Adopting Wrap can transform the value of your business, but your choice of provider will be key to good succession planning, says Shaun Sandiford

Building a successful business is not easy and, unless you are a teenage Internet billionaire, will usually have taken you years of concentrated effort to achieve. So it's only natural that all business builders like to think that their firms will live on after them, whether in the hands of their children, friends or business partners.

In most respects, Financial Advisers are no different, and, once your business is firmly established, planning the succession tends to become an increasing priority. And the reasons are not just sentimental, there is also the need to turn those years of effort into cash and security for yourself and your dependants.

Where Financial Advisers do differ from most others is in the way their businesses are valued. With most firms still mainly reliant on income from initial commissions on sales, few have any significant inherent value; unlike the local butcher or chemist, location is not a selling point and goodwill is worth little, if anything: all they really have to offer is a client base which is actually no more than a stock of raw material that has already been well re-used, to say the least. No, a successful Financial Adviser is akin to the celebrity chef patron of a restaurant, without whom it will be just another restaurant, with no reputation, and the new owner will have it all to do from scratch.

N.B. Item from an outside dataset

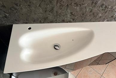 Mobile bagno sospeso marca NOVELLO, con due cassettini laterali, un cassettone più 1 cassetto interno. Top bianco opaco con vasca a forma di cuore, senza troppo pieno. Colore nero lucido.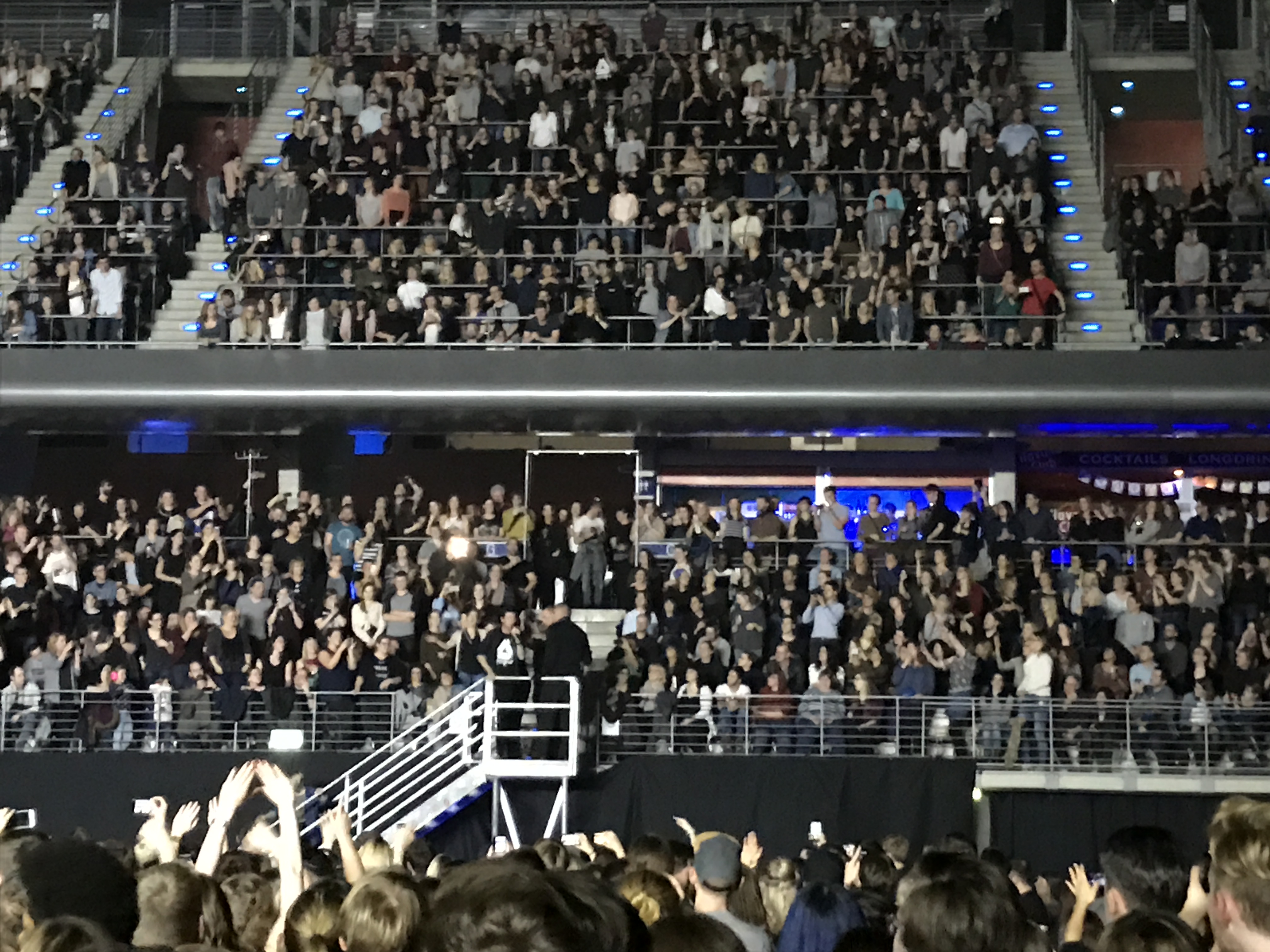 Nach langem Applaus setzte schließlich wieder die Musik ein und schwenkten die Scheinwerfer zum oberen Seitenrang, wo die Band stand und Two Evils einstimmte. Mit eine Stille in der Halle schritt Smith die Treppen zur Brüstung hinab und sang zwischen ein paar Fans den dunkel klingenden Song. Anschließend begab sich die Band mit einem langen Intro von Icarus wieder auf die Hauptbühne und legte nochmal richtig los. 21 Songs später sollte dann das Konzert vorbei sein. Allerdings durfte hier natürlich Pompeii nicht fehlen, mit dem für die Band vor einigen Jahren alles begann. Mit dazu holte Bastille sich Rationale und alle Background Sänger, die den Song mit ihren Instrumenten und einem Chorgesang unterstützen. Hatte Smith das Publikum eingangs noch scherzhaft aufgefordert, sollten sie den Song kennen, mitzusingen, konnte man ihn am Ende selbst kaum noch hören.

Fortunately, things are now changing, at least for Financial Advisers who have begun the transition to Wrap-based business. By moving to Wraps, they are exchanging dependence on new sales commissions for an ongoing stream of trail commissions and/or fees derived from servicing and advising their clients. That stream of income will have a value that can be properly assessed on the basis of hard records, so these businesses will not only be worth more intrinsically, but financing their purchase will be an easier and more practicable proposition, particularly for management buy outs or children wishing to take over a family firm.

However, 'Wrap' is still used as a generic term for a gamut of widely-differing propositions and your choice of Wrap platform will have a significant bearing on both the level of service you are able to offer and deliver to clients, and the degree to which you are able to build up the value of your business.

In order to maximise both the benefits to your clients and the succession prospects for your business, true open-architecture Wrap is a must, and nothing less will do. From a client benefit point of view, the limitations of the supermarket platforms are fairly obvious, fund choice is restricted to their internal fund catalogues, and the need to pick and mix tax wrappers largely negates the simplicity of Wrap and replaces transparency of charging with complexity, if not downright opacity. But from the perspective of maximising the value of your business, they cannot provide the clear historical analysis of trail commission which is essential to an accurate (and therefore favourable) valuation.

However, if you choose a Wrap with true open-architecture, it will not only allow you full control of your remuneration but also has the facility to show its history, month by month and client by client, at the touch of a button. That means better valuation, easier financing of a buy-out, or simple collation of renewals should you wish to retire and remain a sleeping partner.

Getting your succession planning right can also help make your business even more successful in the meantime. Financial Advisers consistently identify their main problem as the inability to recruit, train and retain first class 'para-planners'. Hardly surprising, if the first thing they discover on joining is that their new employer plans to sell up in a few years, to the local big firm, that they don't want to work for and may already have turned down. But they would be really motivated if, instead, you were able to say that you were committed to remaining independent, and would be putting together a properly structured buyout scheme to enable them to take it over in a few years' time.

Even though it will be run by my successors, 'Shaun Sandiford & Sons Wealth Management' will still have a nice, solid ring to, especially when heard from my Caribbean hideaway.